Divesting is amongst the most difficult business decisions when operating a multi-divisions company.  However, there are benefits to divesting such as protecting against bankruptcy, hedging against profit losses, and preventing political and legal issues. Subsequently, divestiture leads to a company's financial stability and growth.  Below are some reasons why companies chose to divest rather than trying to push through and possibly fail.

  • Obtain capital in order to scale the primary business unit. This reason prevents from an overall liquidation or bankruptcy. Rather than pouring capital into underperforming units, selling these units enables a company to reinvest in its core division.
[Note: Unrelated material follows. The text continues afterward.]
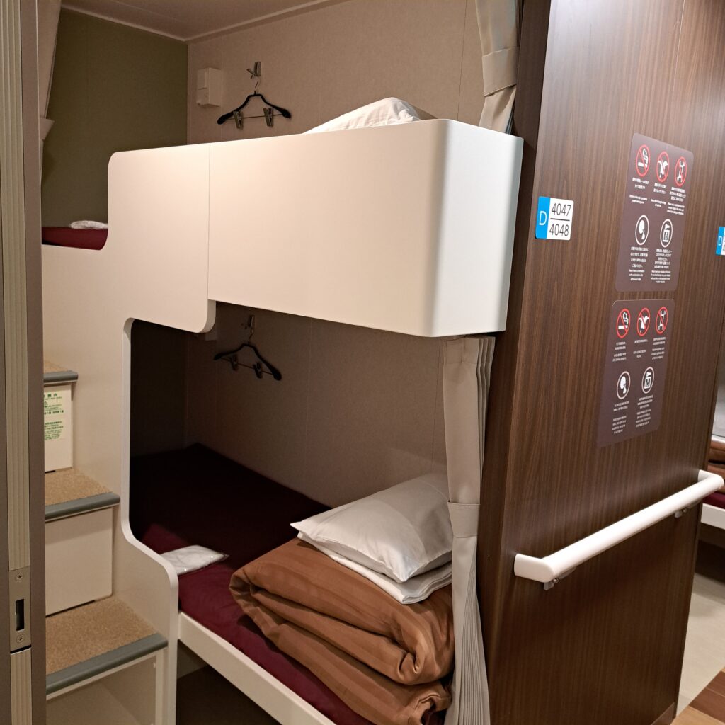 ツーリスト(広間)だと揺れる時は、立ち上がるにも一呼吸のタイミングが必要。揺れに慣れないとふらつき、近くに寝ている人を驚かせてしまう場合もあります。ツーリストよりも少しお金はかかりますが、ドミトリー以上がおすすめです。

  • Concentrate on core business areas. Overtime, some companies acquire smaller businesses that have no association with any of their core divisions. This disconnect hurts the bottom line, therefore carving out unrelated business units would recoup the loss of profit.
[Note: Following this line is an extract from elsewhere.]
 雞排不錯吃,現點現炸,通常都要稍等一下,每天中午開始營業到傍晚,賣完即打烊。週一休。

  •  Occasionally, companies are forced into divestiture due to legal and governmental interference. Government agencies have the ability to halt mergers but also force companies to release non-core assets in order to prevent potential monopolies.
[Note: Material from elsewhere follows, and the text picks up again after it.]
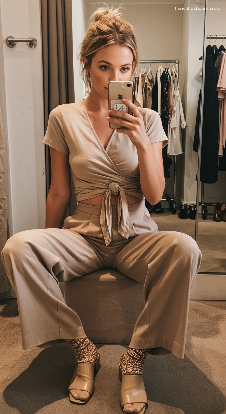 The monochromatic taupe ensemble creates a polished and cohesive aesthetic, setting a sophisticated tone for professional settings. A wrap-style crop top with a front tie detail pairs seamlessly with a high-waisted pencil skirt, offering a modern take on business attire. This outfit is particularly flattering for hourglass figures, accentuating the waist, and is ideal for business meetings, conferences, or upscale office environments where a blend of formality and contemporary style is desired.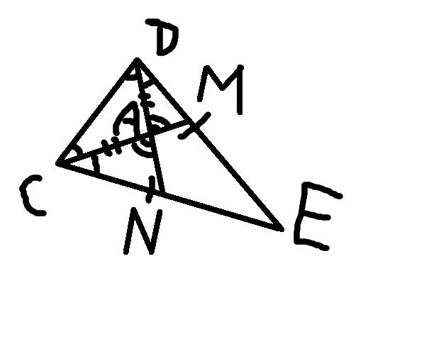 ЗАДАНИЕ4:В ТРЕУГОЛЬНИКЕ СДЕ,СТОРОНЫ СЕ=ДЕ,БИССЕКТРИСЫ СМИ ДН ПЕРЕСЕКАЮТСЯ В ТОЧКЕ А. ДОКАЗАТЬ:ТРЕУГОЛЬНИК ДАМ=САН

  • Pursue of better opportunities. Divestiture permits a company to gain financial resources needed for compelling investment opportunities – strengthening core business areas and higher ROI.

In conclusion, a divestiture is a reduction of assets or business units through sale or liquidation for financial, political, strategic, and synergic reasons. Divesting business units matters because it helps a company reduce debt, enhance shareholder value, regain profit, and reorganize a company back to focusing on its strength.